Similarly, on a system with 32-bit int, the value 214783649 is too big to be an int, so it will be treated as a signed type bigger than int (either long or long long); the 1 is added (yielding the same type), and then that value is converted to a double. Again, it is all done at compile time.
These computations are governed by the same rules as other computations in C.
The type rules for integer constants are detailed in §6.4.4.1 Integer constants of ISO/IEC 9899:1999. There's a table which details the types depending on the suffix (if any) and the type of constant (decimal vs octal or hexadecimal). For decimal constants, the value is always a signed integer; for octal or hexadecimal constants, the type can be signed or unsigned as required, and as soon as the value fits. Thanks to Daniel Fischer for pointing out my mistake.
http://en.wikipedia.org/wiki/Type_conversion
The standard has a general guideline for what you can expect but compilers have a superset of rules that encompass the standard as well as rules for optimizing. The above link discusses some of the the generalities you can expect. If you are concerned about the implicit coercion it is typically good practice to use explicit casting.

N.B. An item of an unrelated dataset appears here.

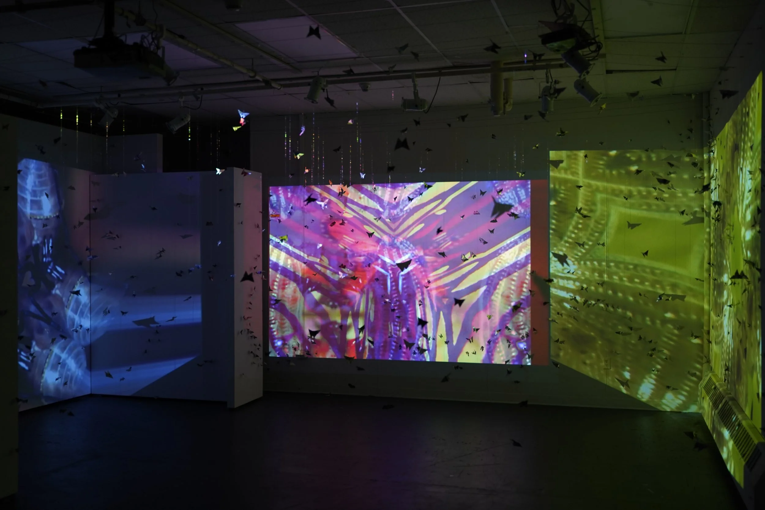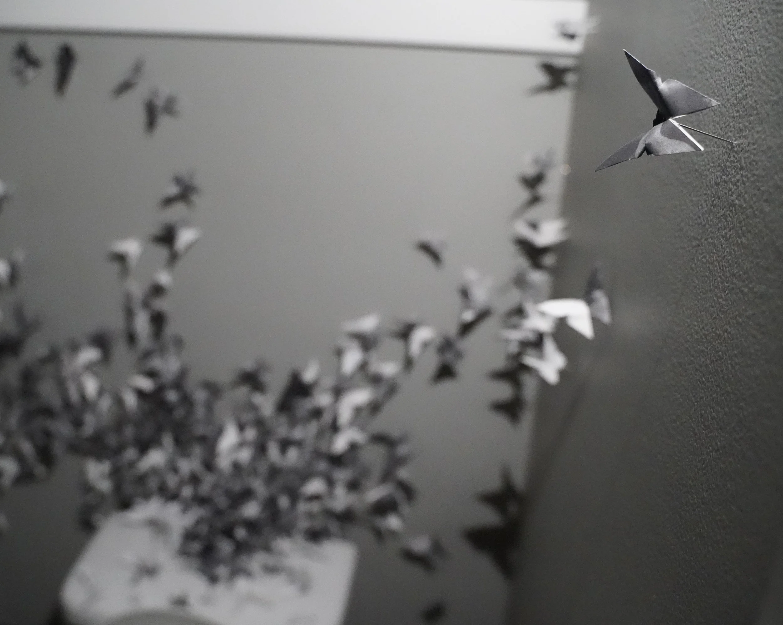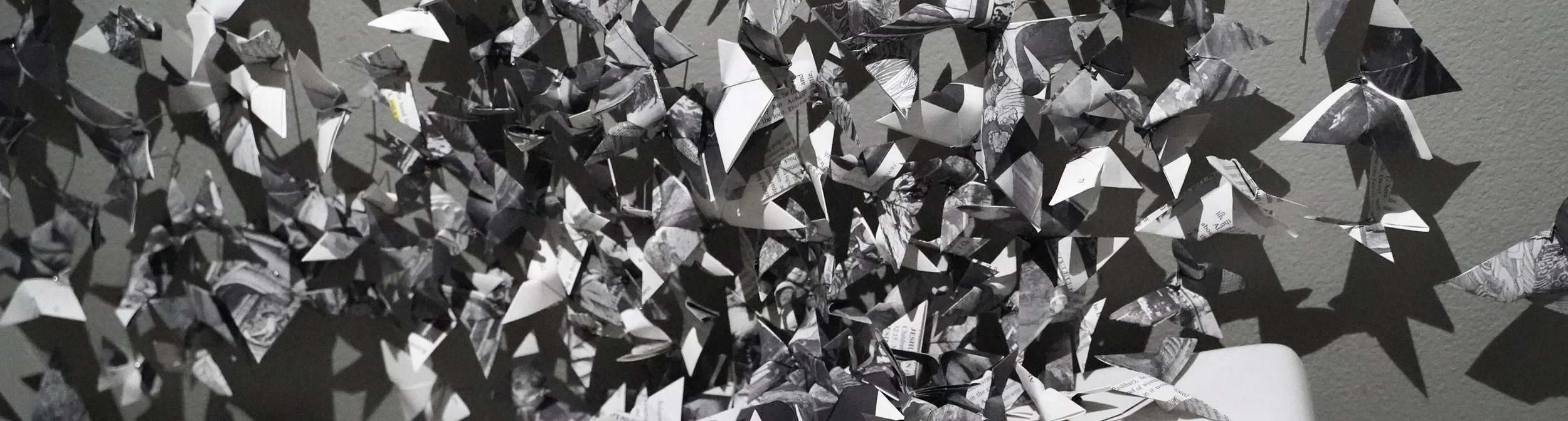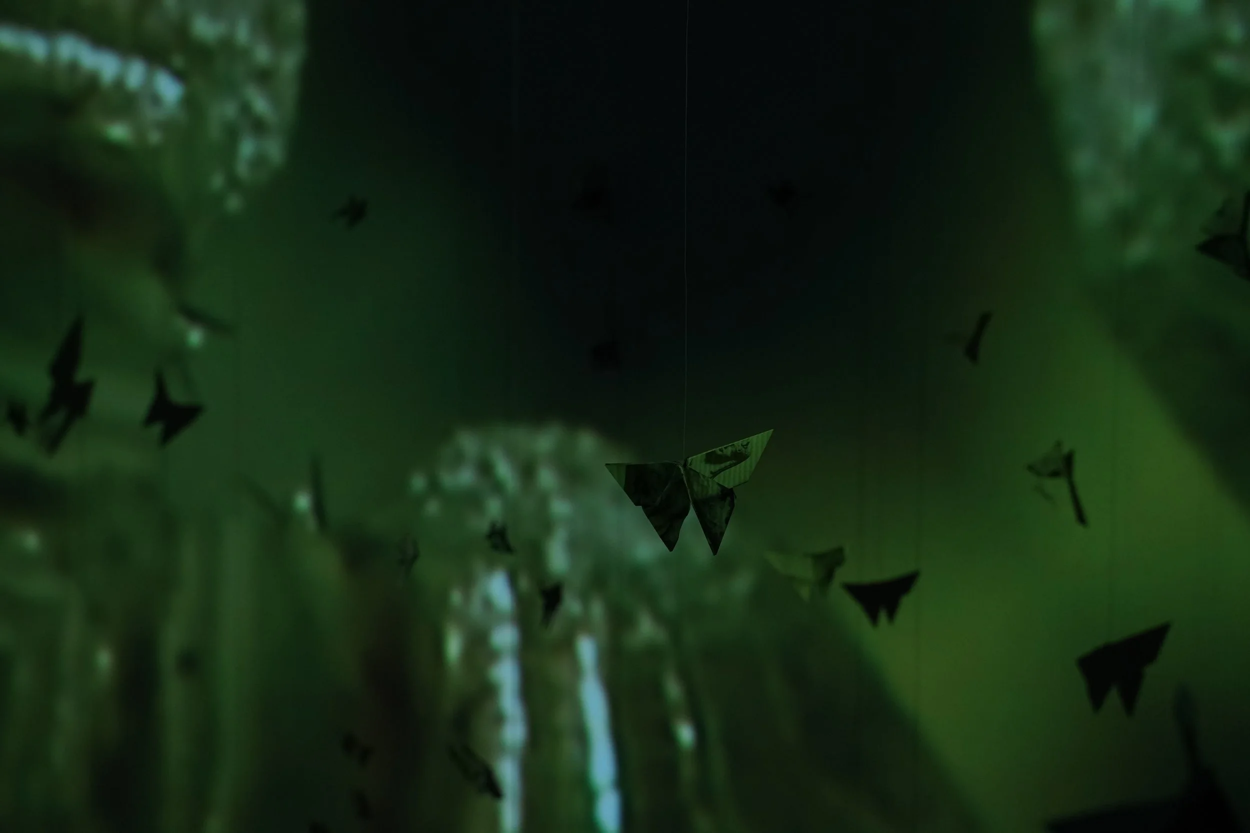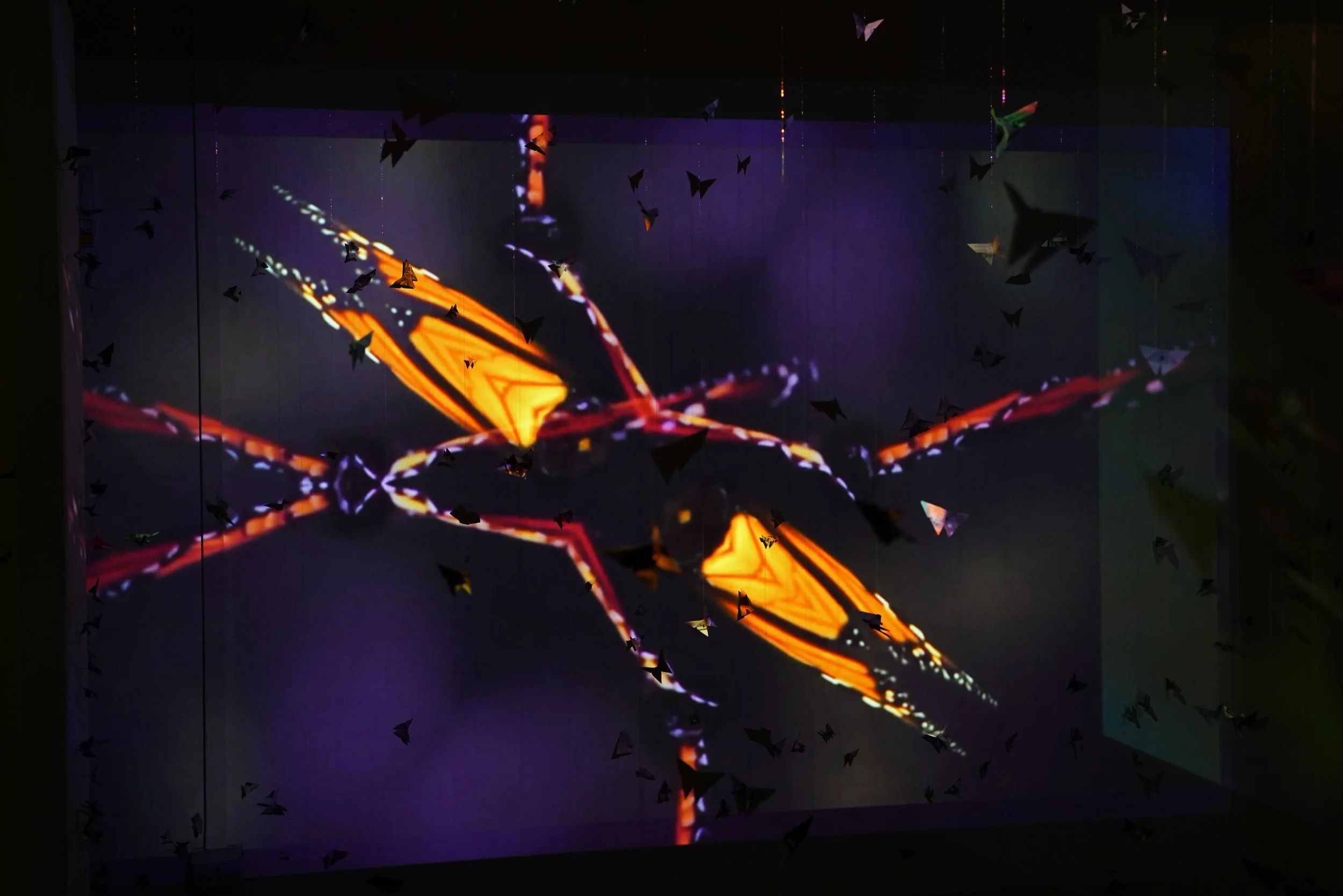 Folded paper butterflies suspended on fishing line, tacked to drywall, projection and audio.

Keep in mind that the size of the primitive types is not guaranteed.
1.0 / 25
Evaluates to a double because one of the operands is a double. If you changed it to 1/25 the evaluation is performed as two integers and evaluates to 0.
double b = 1 + 2147483649;
The right side is evaluated as an integer and then coerced to a double during assignment.
actually. in your example you may get a compiler warning. You'd either write 1.0f to make it a float to start with, or explicitly cast your result before assigning it.